> _AIM OF THE EXERCISE_
All the lines below need to be output exactly, apart from any images.
___ DATA
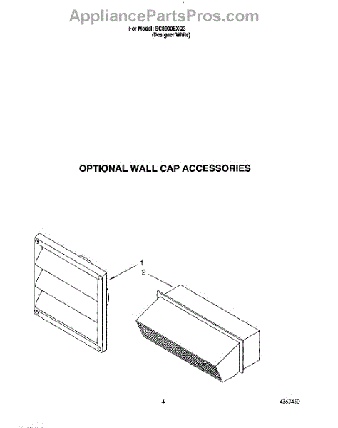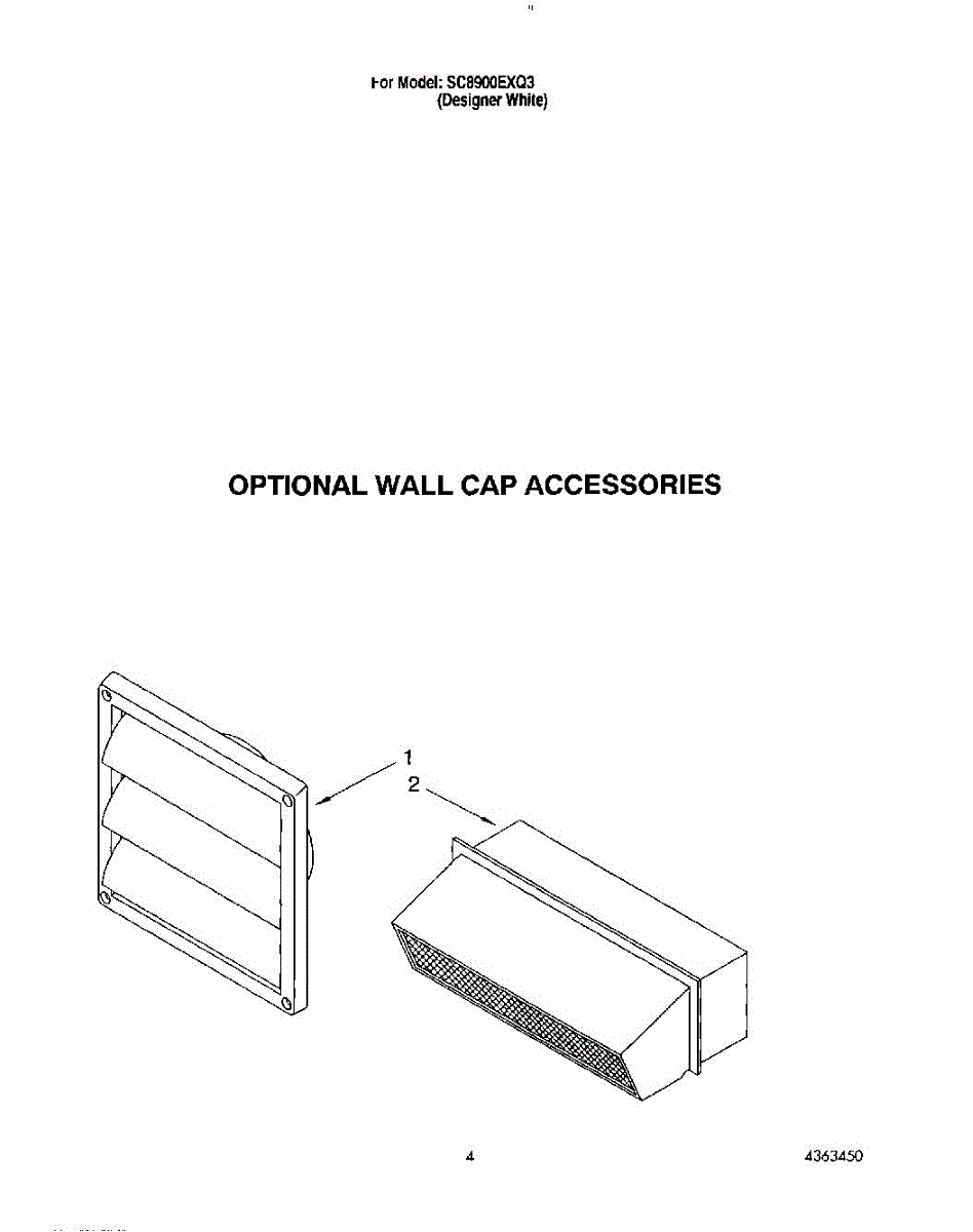 Parts for Whirlpool SC8900EXQ3: 03 - Optional Wall Cap Accessories Parts
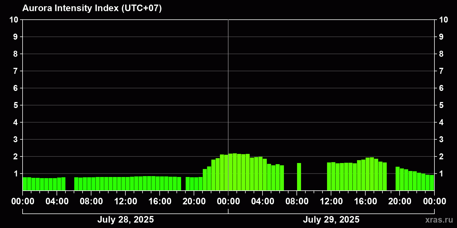 Changes in the auroral intensity index from 2025-07-28 to 2025-07-29 local time
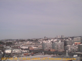 適度に曇った日の雲の動き (例: 2005-10-24) がとても楽しめます。 正面を横切っている高架は横須賀線下りです。 その下に横須賀線上り、東海道線、同貨物線が走っていますが、 高架に隠れていてよく見えません。 夜間は特に中央左寄りの車の動きがよく見えます。
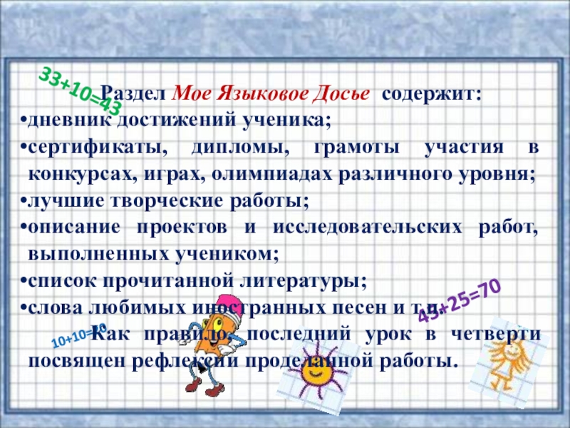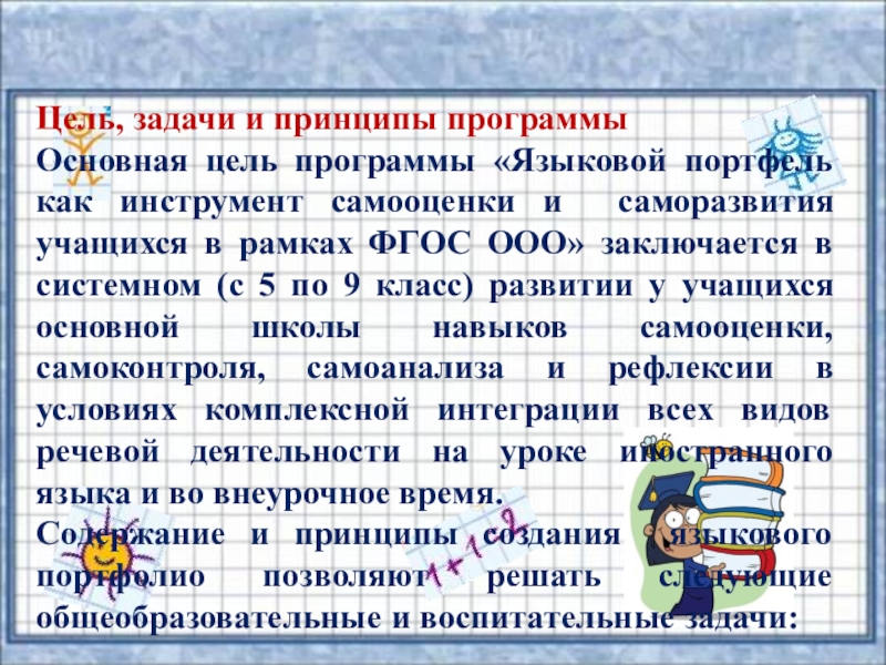Содержание и принципы создания языкового портфолио позволяют решать следующие общеобразовательные и воспитательные задачи:
______
> _ANSWER TO THIS TASK_
 Parts for Whirlpool SC8900EXQ3: 03 - Optional Wall Cap Accessories Parts
 Changes in the auroral intensity index from 2025-07-28 to 2025-07-29 local time
 適度に曇った日の雲の動き (例: 2005-10-24) がとても楽しめます。 正面を横切っている高架は横須賀線下りです。 その下に横須賀線上り、東海道線、同貨物線が走っていますが、 高架に隠れていてよく見えません。 夜間は特に中央左寄りの車の動きがよく見えます。
Содержание и принципы создания языкового портфолио позволяют решать следующие общеобразовательные и воспитательные задачи:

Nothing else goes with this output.